Asia Needs to Navigate the Uncertain Global Environment and Build Inclusive Growth, Says the IMF’s Asia-Pacific Regional Economic Outlook
Asian countries have taken comprehensive reforms over the past decade to strengthen their financial, corporate and public sector balance sheets that are now providing strong buffers for the renewed global uncertainties. Thus, if the downside risks to the global outlook were to materialize, the IMF says that Asian economies have the scope to reverse course and use a range of measures to cushion the impact on economic activity, as many did in response to the global crisis in 2008.
Looking ahead, the crisis in advanced economies is a reminder of the need for Asia to now make further progress with economic rebalancing and develop stronger domestic engines of growth. In addition to structural reforms, this would require a reprioritization of fiscal spending, in order to create fiscal space for critical infrastructure investment and social priority expenditure.
Despite fast growth and progress in poverty reduction, income inequality in Asia has increased over the last decade — and by more than it has done in other regions. Key elements of a strategy to reduce the share of vulnerable households in Asia would include better social safety nets and more investment in health and education. Here the report suggests that measures that would help increase domestic demand over time, and make the region more resilient to external shocks, would also help to make growth in Asia more “inclusive.”

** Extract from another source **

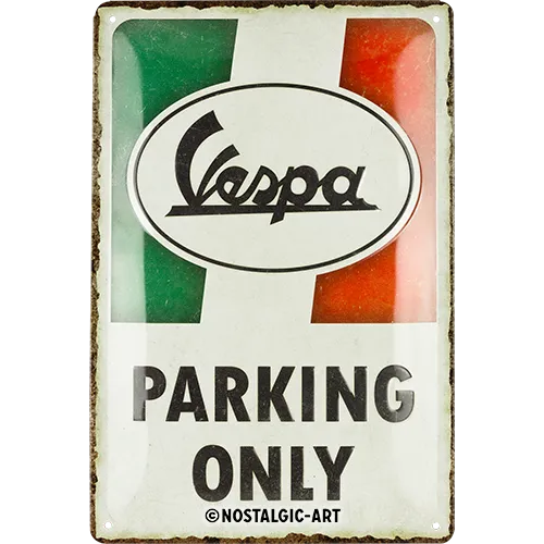 Blechschild Vespa Parking Only: Ein Stück italienisches Lebensgefühl für Ihr Zuhause
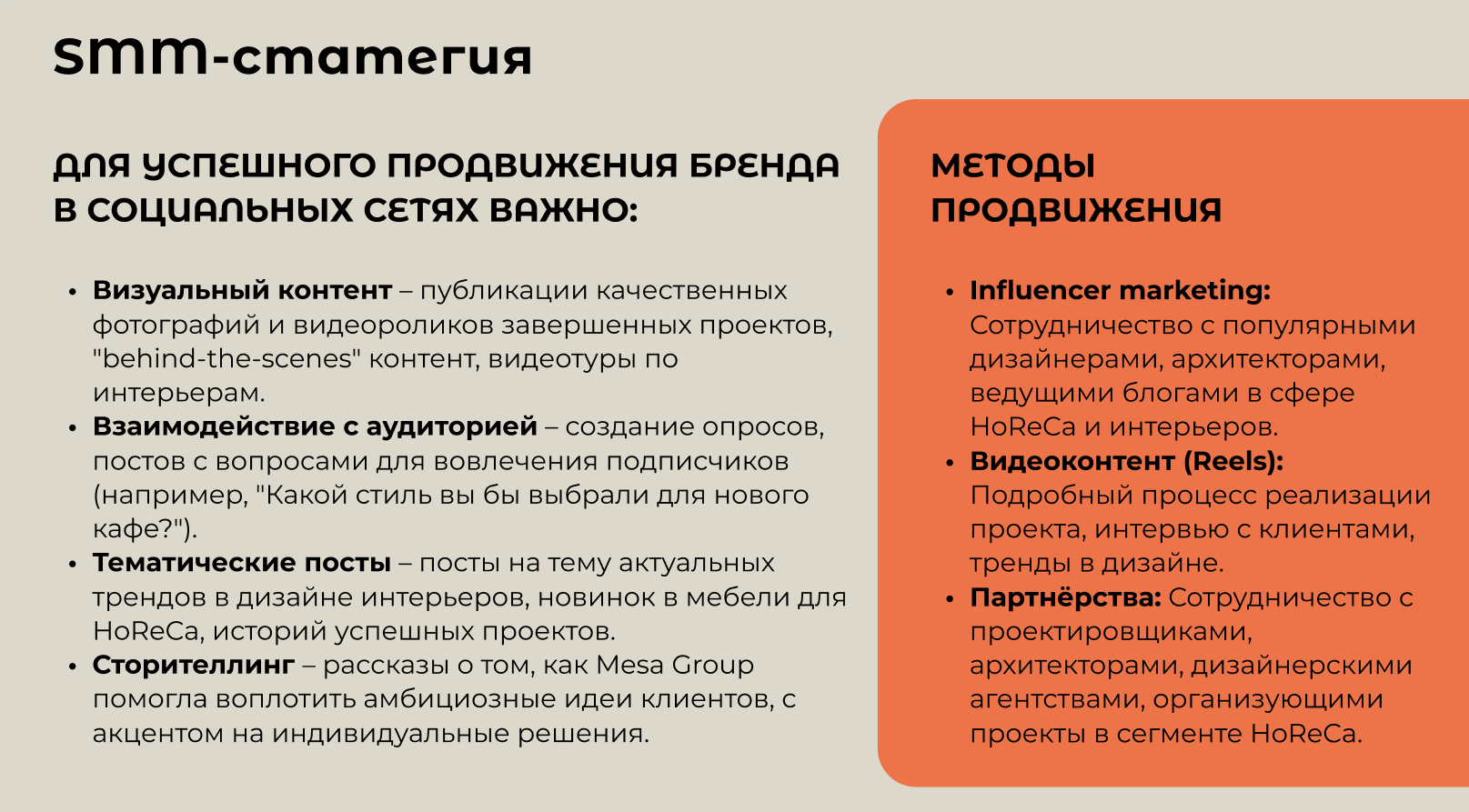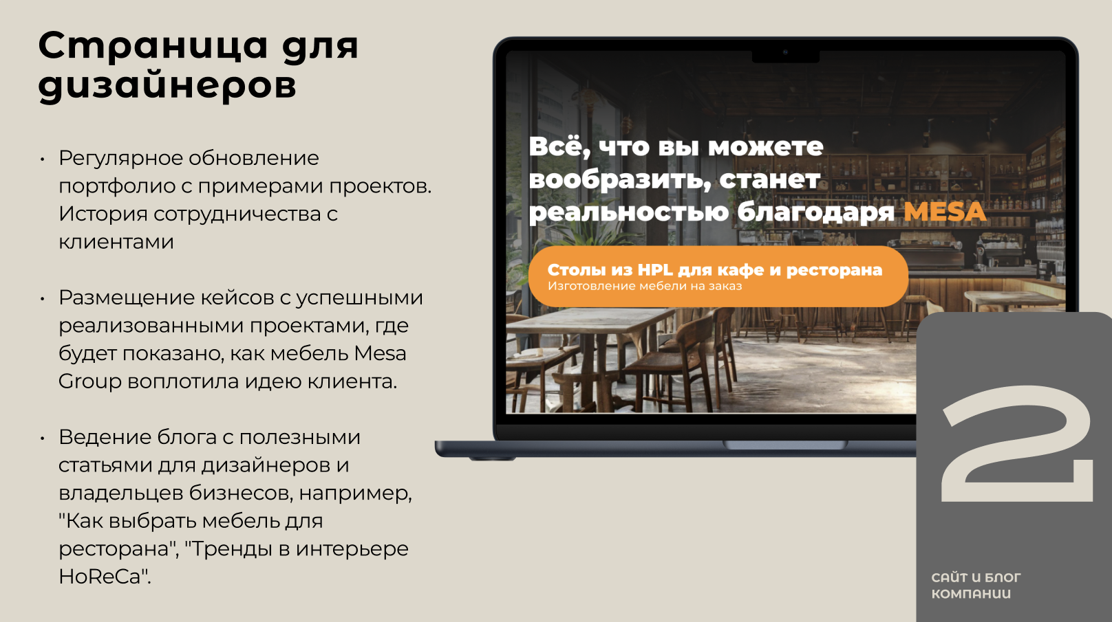 - Разработка предложения по каналам продвижения: обновление и создание новых разделов на сайте (лендинг для дизайнеров), SMM-стратегия для социальных сетей (визуальный контент, сторителлинг, работа с лидерами мнений), продвижение в Telegram, участие в профильных выставках, организация оффлайн-мероприятий (лекции, нетворкинг).

In sum, economies in the Asia Pacific region are still expected to continue growing at solid rates. However, downside risks from a weakening global economy have greatly intensified and underscore the need to shift the growth model for Asia. In the near-term, policy makers face the challenging task of navigating opposing risks to growth and financial stability amid a highly uncertain global environment, and a pause in monetary tightening may be warranted in some countries until such uncertainties have lessened. Looking farther ahead, strengthening Asia’s domestic sources of growth and making growth more inclusive are key to increase economic resilience over the medium-term.